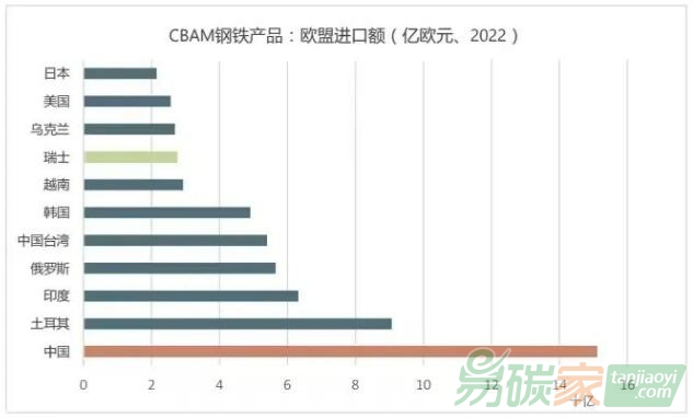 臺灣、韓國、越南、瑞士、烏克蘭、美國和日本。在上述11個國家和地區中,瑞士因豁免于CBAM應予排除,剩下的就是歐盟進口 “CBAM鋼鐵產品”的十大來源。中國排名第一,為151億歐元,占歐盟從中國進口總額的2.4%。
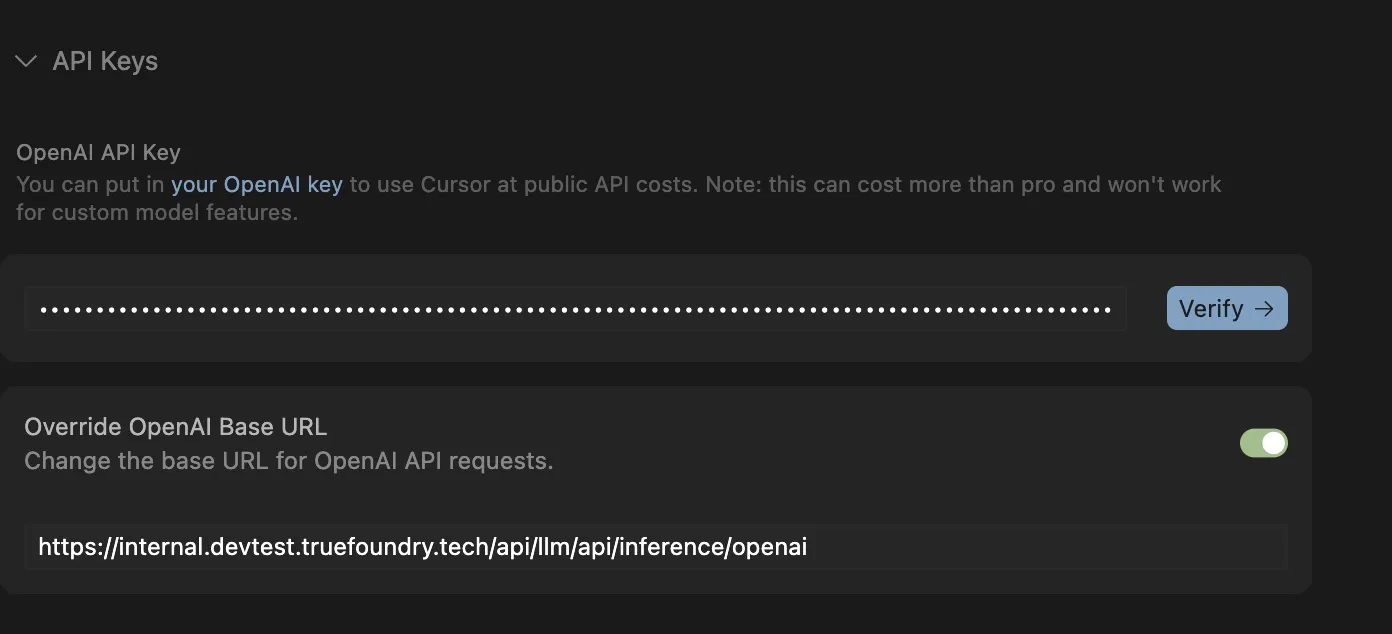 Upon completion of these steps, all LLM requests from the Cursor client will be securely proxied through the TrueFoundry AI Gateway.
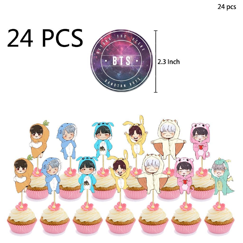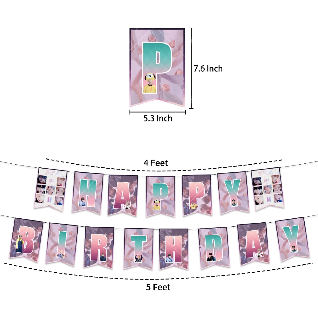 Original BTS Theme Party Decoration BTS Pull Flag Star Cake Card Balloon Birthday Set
==
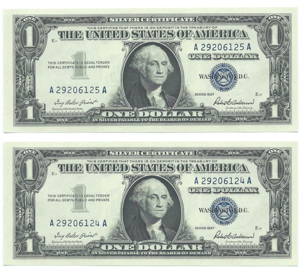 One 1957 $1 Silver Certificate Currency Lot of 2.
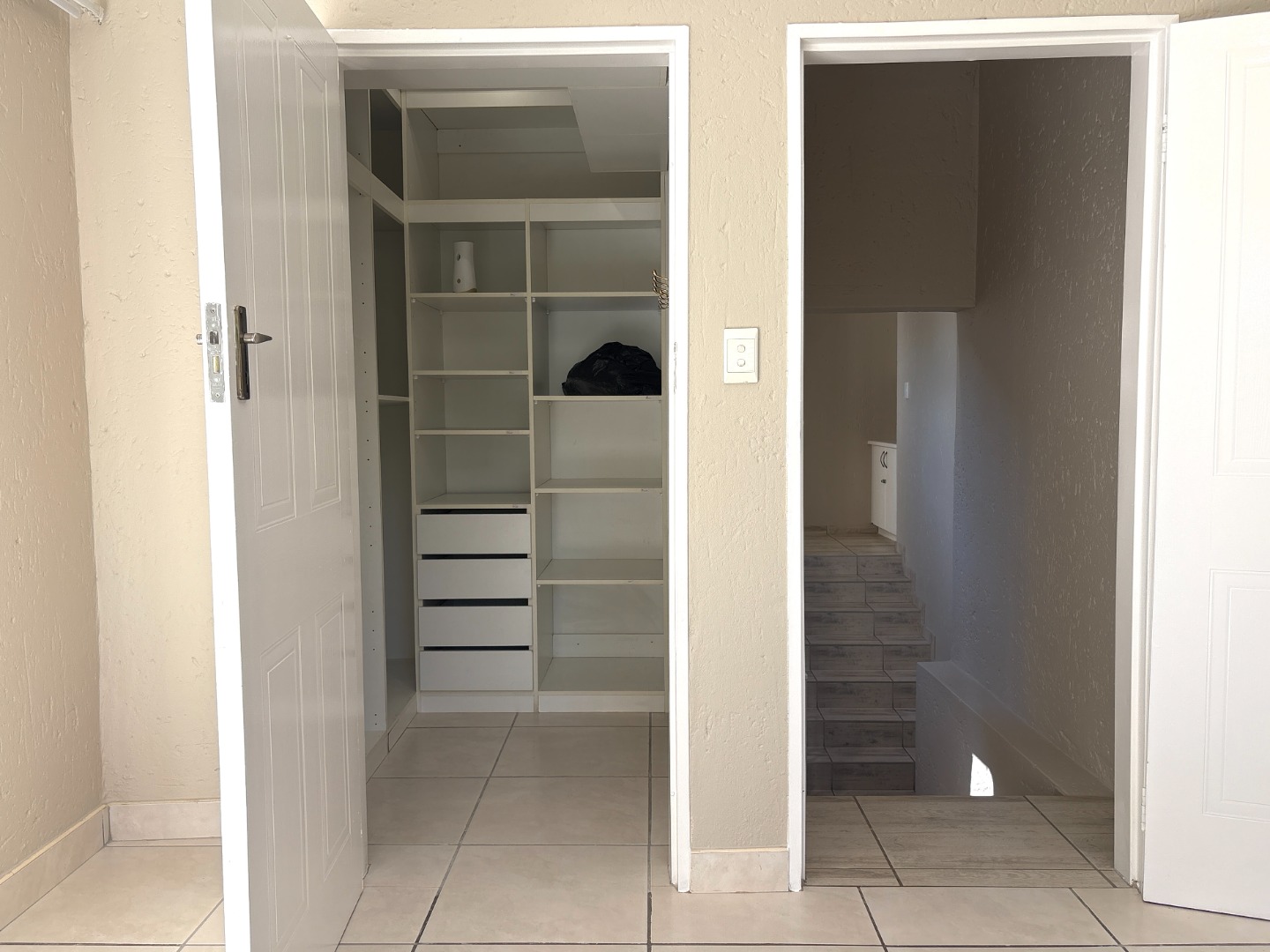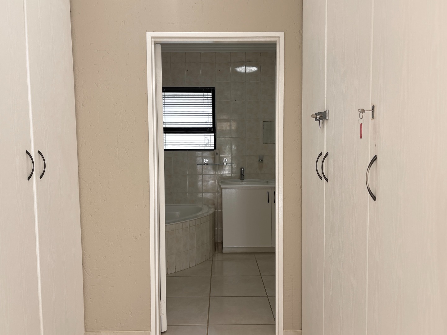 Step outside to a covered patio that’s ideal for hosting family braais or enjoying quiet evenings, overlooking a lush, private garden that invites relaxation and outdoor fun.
--
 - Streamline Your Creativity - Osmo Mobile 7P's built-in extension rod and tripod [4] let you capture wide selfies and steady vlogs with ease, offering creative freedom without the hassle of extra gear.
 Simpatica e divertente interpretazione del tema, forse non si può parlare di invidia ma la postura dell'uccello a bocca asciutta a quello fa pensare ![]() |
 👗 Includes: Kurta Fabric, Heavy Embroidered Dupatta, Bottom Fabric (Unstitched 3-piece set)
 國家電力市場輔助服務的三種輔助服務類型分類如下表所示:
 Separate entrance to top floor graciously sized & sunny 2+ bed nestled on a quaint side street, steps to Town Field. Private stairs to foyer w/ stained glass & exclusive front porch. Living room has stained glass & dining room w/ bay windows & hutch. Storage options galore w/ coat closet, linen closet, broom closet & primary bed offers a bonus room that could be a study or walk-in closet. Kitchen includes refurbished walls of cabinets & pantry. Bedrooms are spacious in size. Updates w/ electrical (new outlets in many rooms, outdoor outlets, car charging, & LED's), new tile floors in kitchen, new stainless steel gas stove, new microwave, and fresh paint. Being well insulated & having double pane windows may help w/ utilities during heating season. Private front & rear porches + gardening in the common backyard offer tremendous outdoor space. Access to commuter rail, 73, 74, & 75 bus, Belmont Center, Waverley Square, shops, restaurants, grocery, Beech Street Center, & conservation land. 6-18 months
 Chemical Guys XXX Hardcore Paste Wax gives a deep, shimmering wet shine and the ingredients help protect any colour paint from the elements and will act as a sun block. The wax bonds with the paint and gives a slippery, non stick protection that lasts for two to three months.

◆ **ASSIGNMENT**
The data above holds the lines to copy: start at the one with "臺灣、韓國、越南、瑞士、烏克", stop at the one with "Original BTS Theme", include both, copy them exactly without pictures, and copy nothing else.

◆ **EXERCISE OUTPUT**
 臺灣、韓國、越南、瑞士、烏克蘭、美國和日本。在上述11個國家和地區中,瑞士因豁免于CBAM應予排除,剩下的就是歐盟進口 “CBAM鋼鐵產品”的十大來源。中國排名第一,為151億歐元,占歐盟從中國進口總額的2.4%。
 Upon completion of these steps, all LLM requests from the Cursor client will be securely proxied through the TrueFoundry AI Gateway.
 Original BTS Theme Party Decoration BTS Pull Flag Star Cake Card Balloon Birthday Set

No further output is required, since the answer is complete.